◆ **Data provided**:
══════

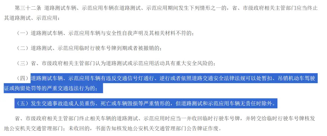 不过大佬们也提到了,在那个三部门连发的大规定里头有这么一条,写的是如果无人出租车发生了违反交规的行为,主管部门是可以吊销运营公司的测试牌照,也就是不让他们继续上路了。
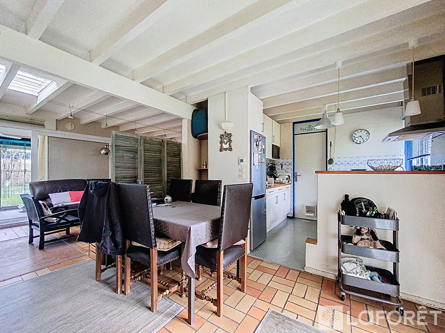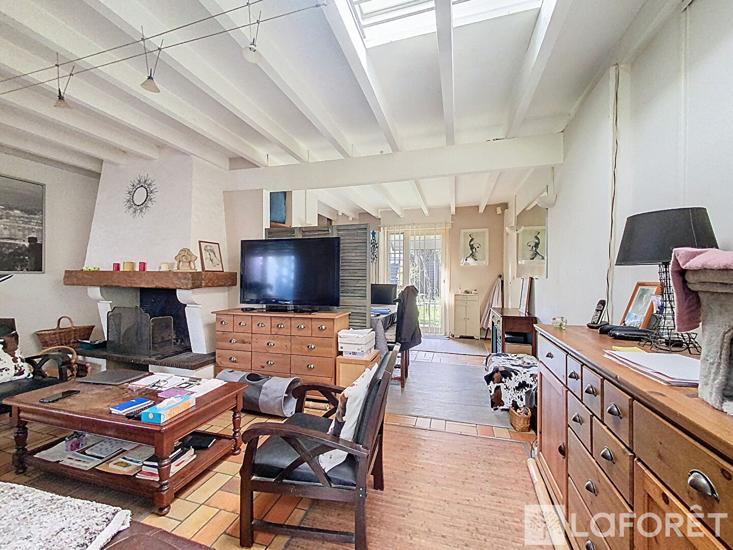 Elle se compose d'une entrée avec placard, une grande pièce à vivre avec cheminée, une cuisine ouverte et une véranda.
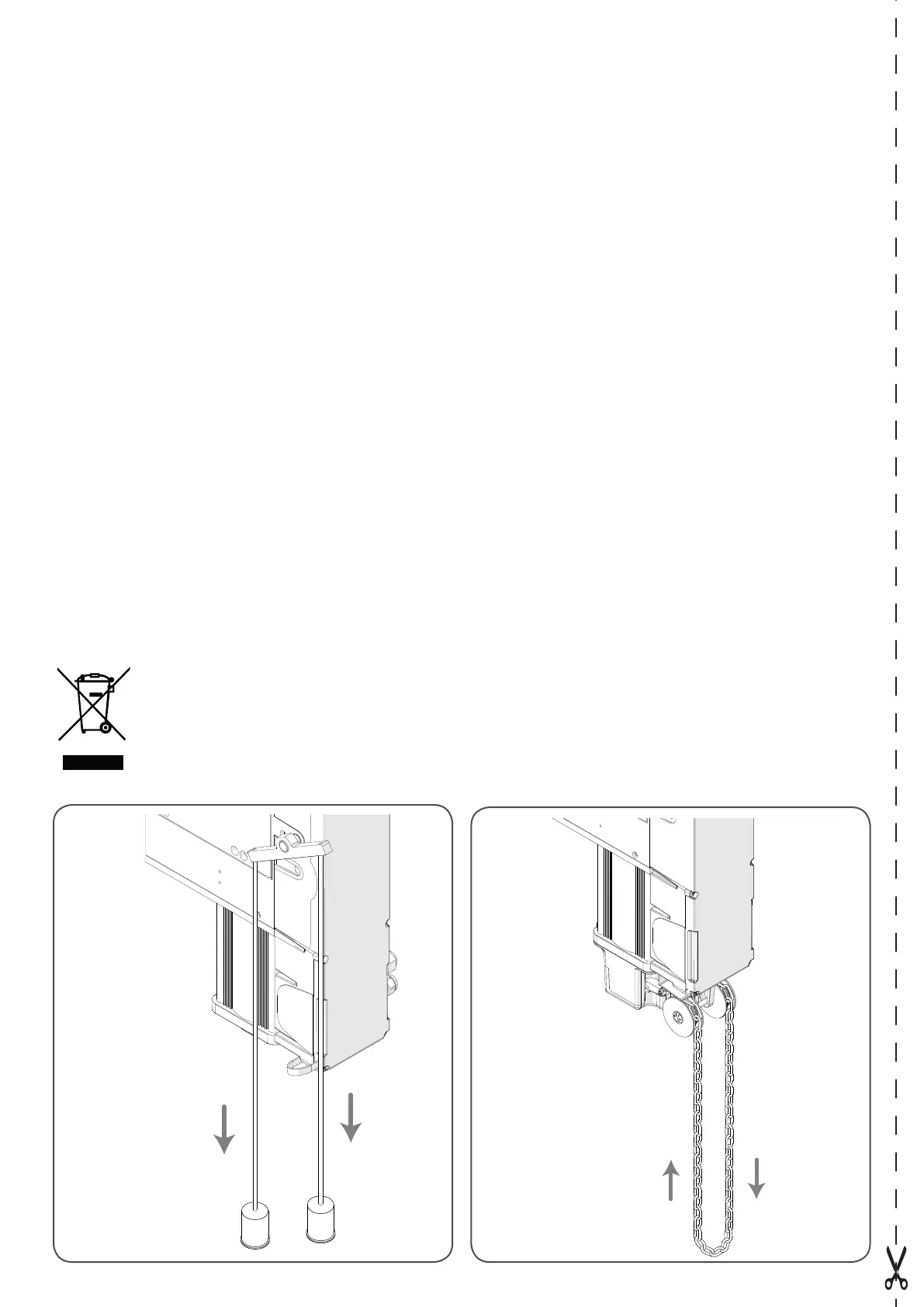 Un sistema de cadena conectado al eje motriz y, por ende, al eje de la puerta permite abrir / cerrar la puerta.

══════

◆ **Goal of the exercise**: Could you transcribe all of the data exactly, keeping every picture out of the copy?

◆ **Response to this exercise**:
 不过大佬们也提到了,在那个三部门连发的大规定里头有这么一条,写的是如果无人出租车发生了违反交规的行为,主管部门是可以吊销运营公司的测试牌照,也就是不让他们继续上路了。
 Elle se compose d'une entrée avec placard, une grande pièce à vivre avec cheminée, une cuisine ouverte et une véranda.
 Un sistema de cadena conectado al eje motriz y, por ende, al eje de la puerta permite abrir / cerrar la puerta.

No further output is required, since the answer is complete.